All of the listing is to be written out word for word, with the pictures left out.
BEGIN Data for this exercise
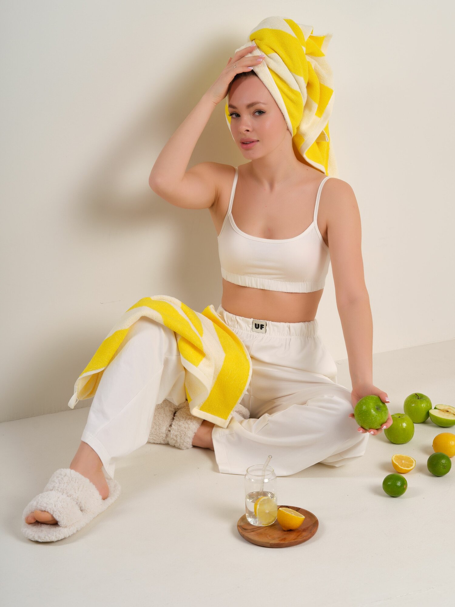 Купить Полотенца махровые набор Urban Family 50х90 см 2шт полоски цвет желтый для рук и лица
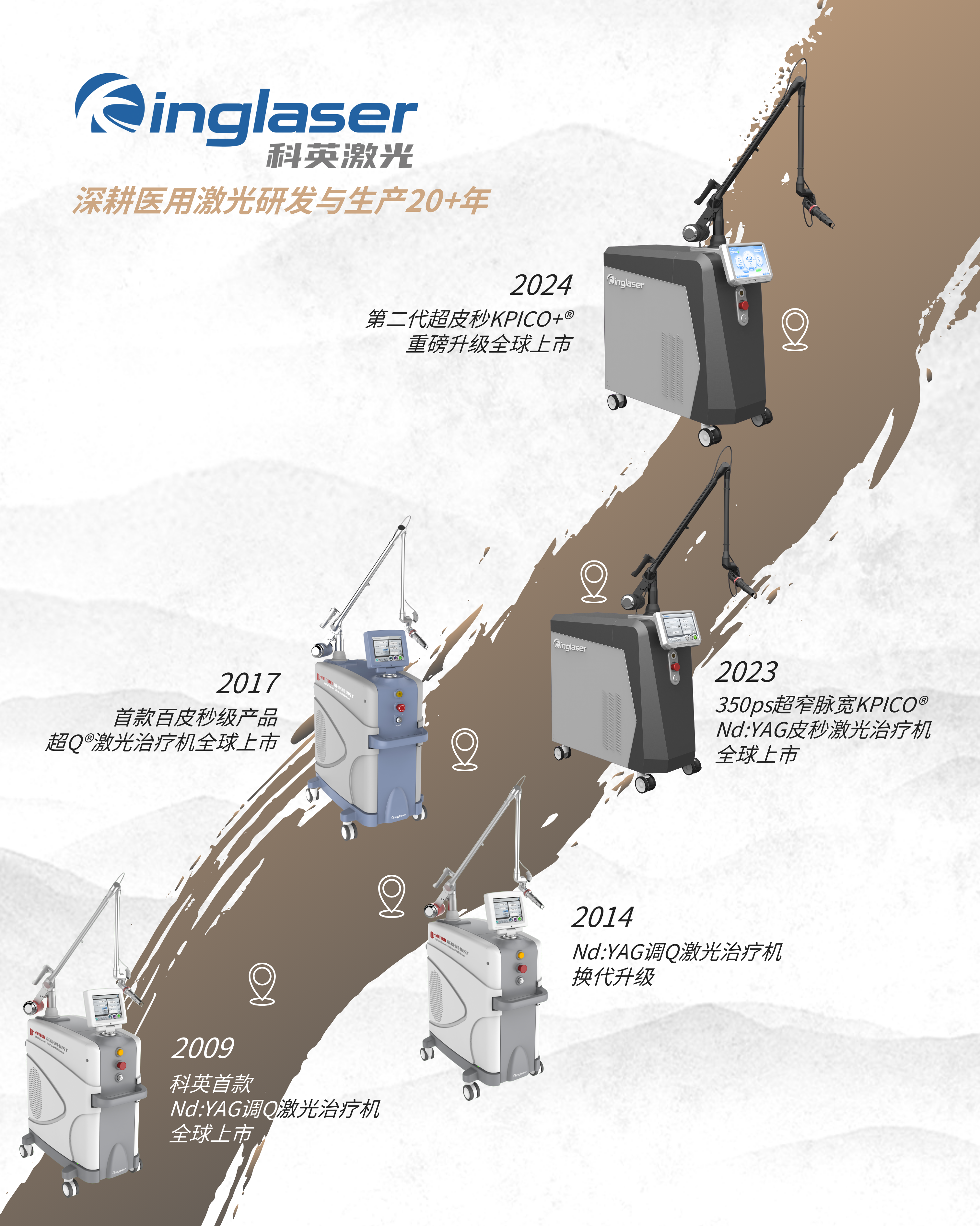 科英激光成立于2003年,二十余年來專注于激光技術在醫(yī)學領域的應用。公司自2009年在全球首次上市Nd:YAG調(diào)Q激光治療機以來,產(chǎn)品不斷升級改進,在2014年迎來升級換代后,又于2017年推出科英首款百皮秒級產(chǎn)品超Q®激光治療機銷往海內(nèi)外,并在2023年成功上市科英首款350ps超窄脈寬KPICO®Nd:YAG皮秒激光治療機。此次完成重大升級的第二代超皮秒KPICO+®,實現(xiàn)了集1064nm、532nm雙波長于一體,在延續(xù)科英相關產(chǎn)品多年積累的技術路線、工藝質(zhì)量控制的基礎上,旨在持續(xù)為國內(nèi)醫(yī)療機構提供適合中國市場的高端醫(yī)療設備。
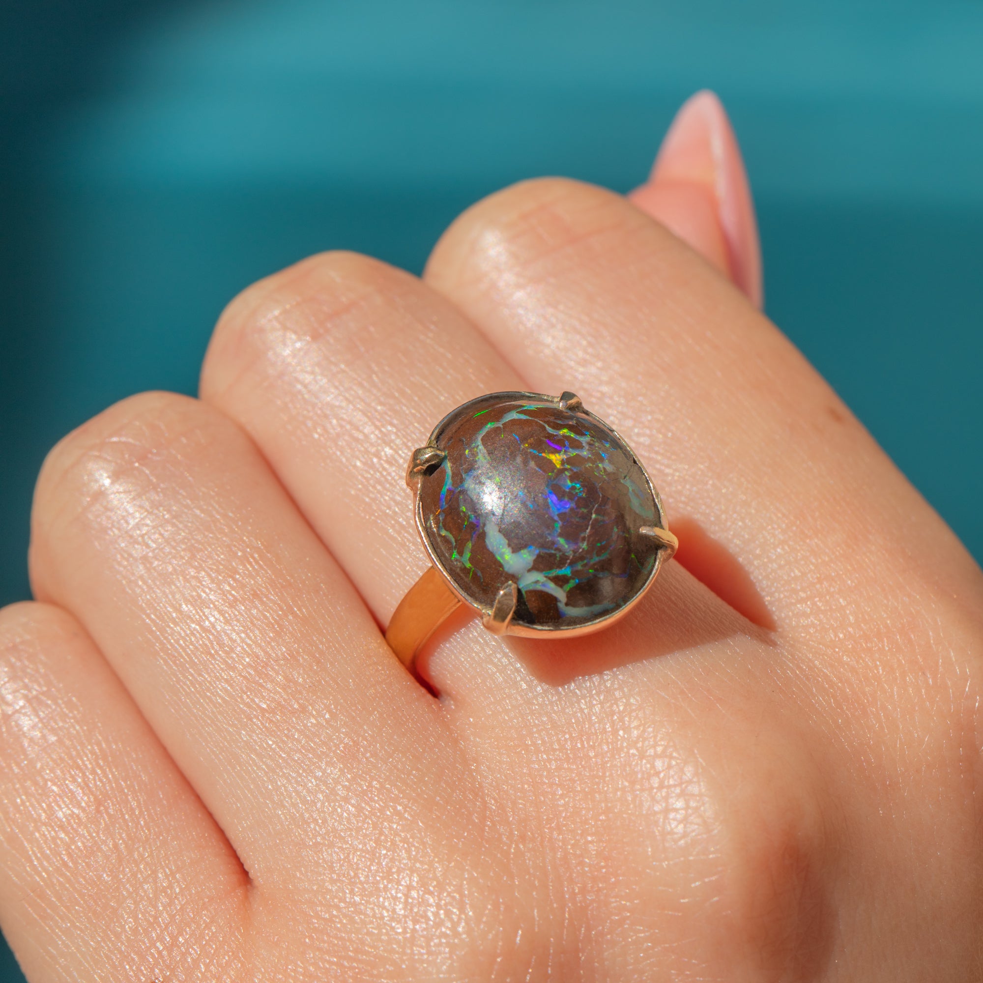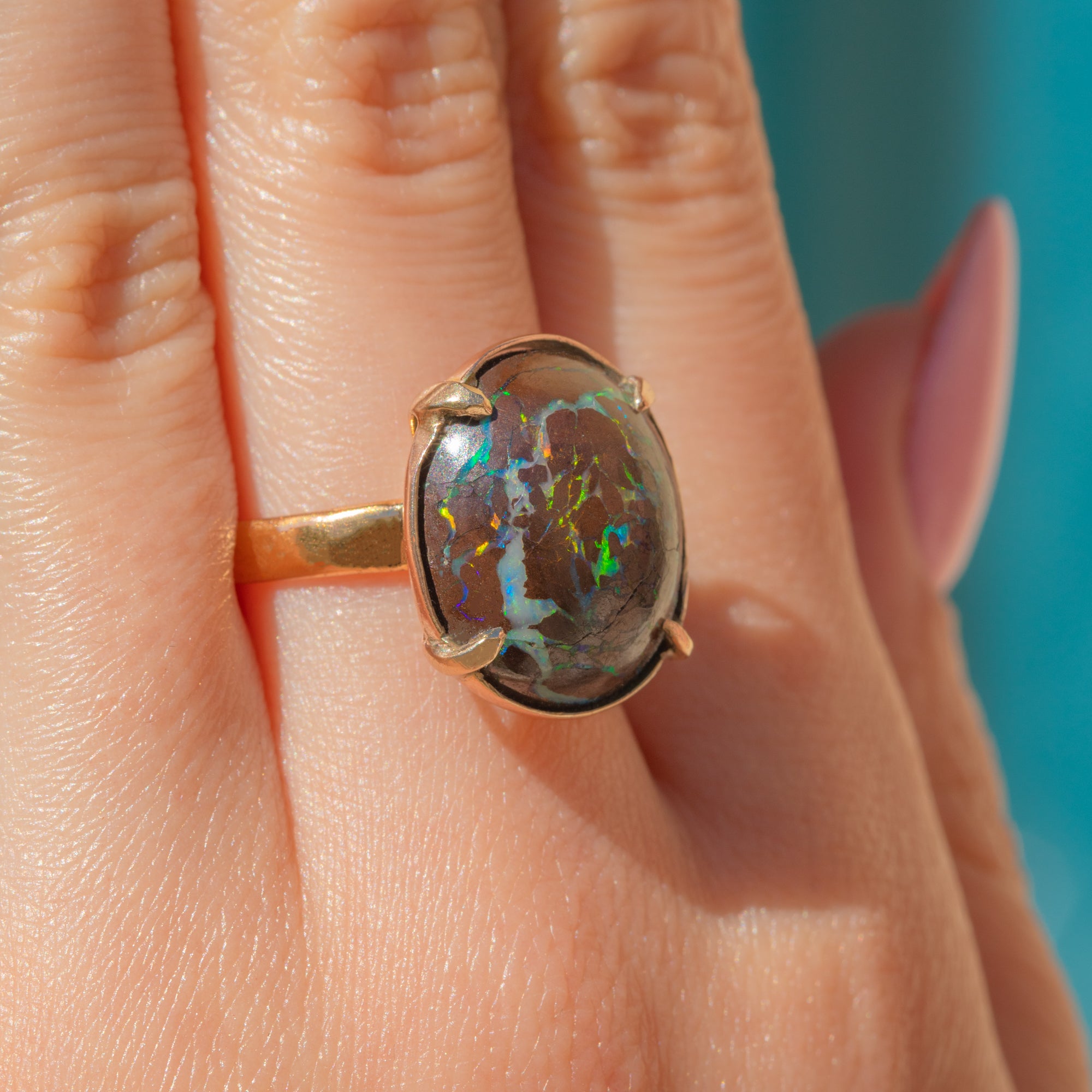 This 18ct Gold Boulder Opal dress ring is a beauty to behold! The smoothly cut Boulder Opal is mesmerising to look at, with sparkling electric blue, zingy greens, and pink hues peeking through her mahogany-toned surface.
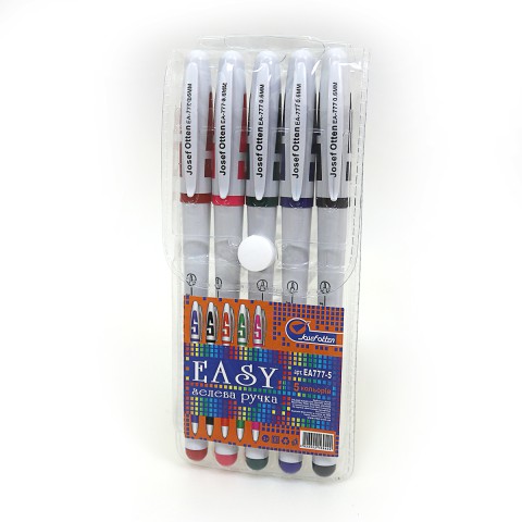 Набір кольорових гелевих ручок J.Otten, 5 шт. білий корпус, EA777-5
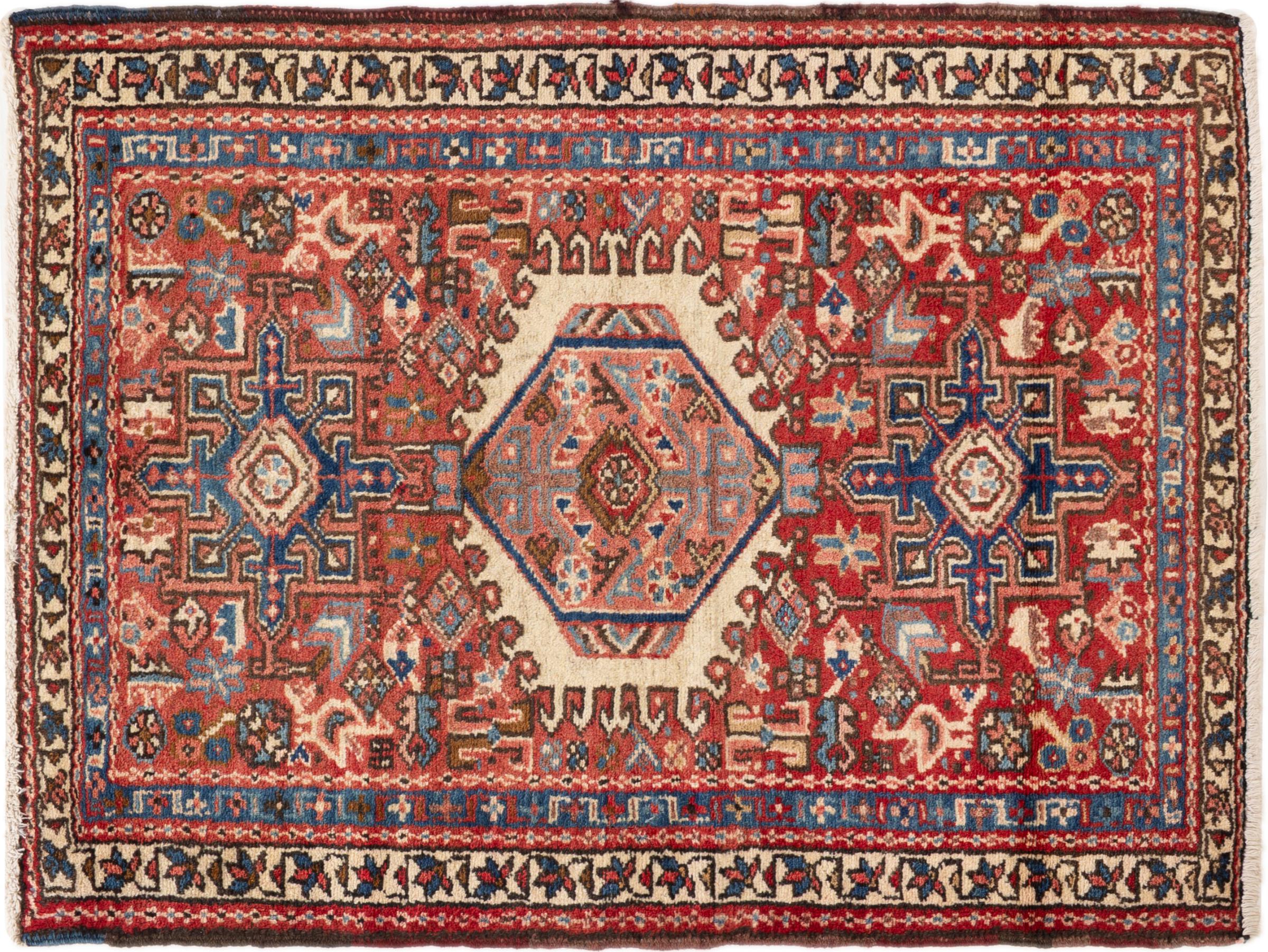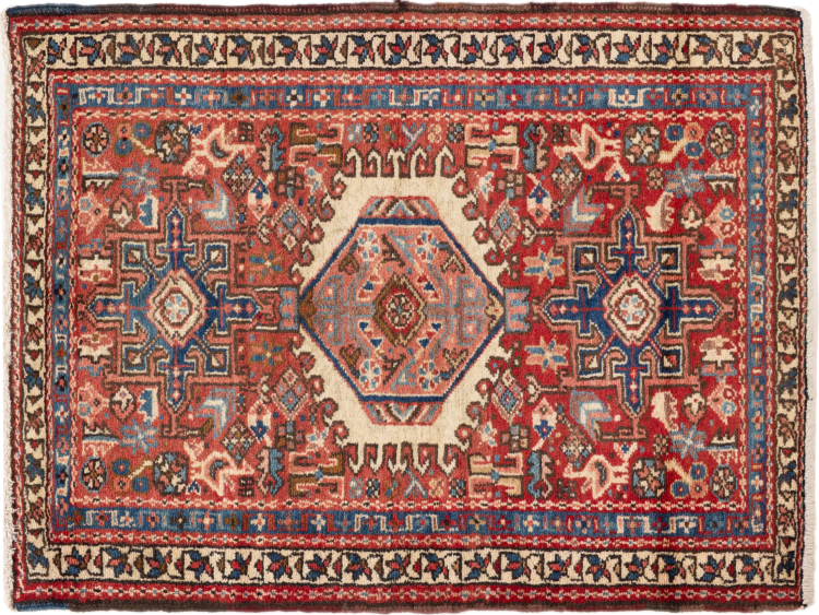 Carpet ID: 295724001699 Size: 97x70 cm Thickness: ap. 12 mm Knot density: 200 000 - 250 000 / m² Manufacturing: Knotted by hand Pile: Handspun wool Warp: Cotton Origin: Persia Age: Old/Semi antique, over 50 years Weight: ap. 2 kg In stock: Unique - Only 1 in stock
END Data for this exercise
## Solution to this task
 Купить Полотенца махровые набор Urban Family 50х90 см 2шт полоски цвет желтый для рук и лица
 科英激光成立于2003年,二十余年來專注于激光技術在醫(yī)學領域的應用。公司自2009年在全球首次上市Nd:YAG調(diào)Q激光治療機以來,產(chǎn)品不斷升級改進,在2014年迎來升級換代后,又于2017年推出科英首款百皮秒級產(chǎn)品超Q®激光治療機銷往海內(nèi)外,并在2023年成功上市科英首款350ps超窄脈寬KPICO®Nd:YAG皮秒激光治療機。此次完成重大升級的第二代超皮秒KPICO+®,實現(xiàn)了集1064nm、532nm雙波長于一體,在延續(xù)科英相關產(chǎn)品多年積累的技術路線、工藝質(zhì)量控制的基礎上,旨在持續(xù)為國內(nèi)醫(yī)療機構提供適合中國市場的高端醫(yī)療設備。
 This 18ct Gold Boulder Opal dress ring is a beauty to behold! The smoothly cut Boulder Opal is mesmerising to look at, with sparkling electric blue, zingy greens, and pink hues peeking through her mahogany-toned surface.
 Набір кольорових гелевих ручок J.Otten, 5 шт. білий корпус, EA777-5
 Carpet ID: 295724001699 Size: 97x70 cm Thickness: ap. 12 mm Knot density: 200 000 - 250 000 / m² Manufacturing: Knotted by hand Pile: Handspun wool Warp: Cotton Origin: Persia Age: Old/Semi antique, over 50 years Weight: ap. 2 kg In stock: Unique - Only 1 in stock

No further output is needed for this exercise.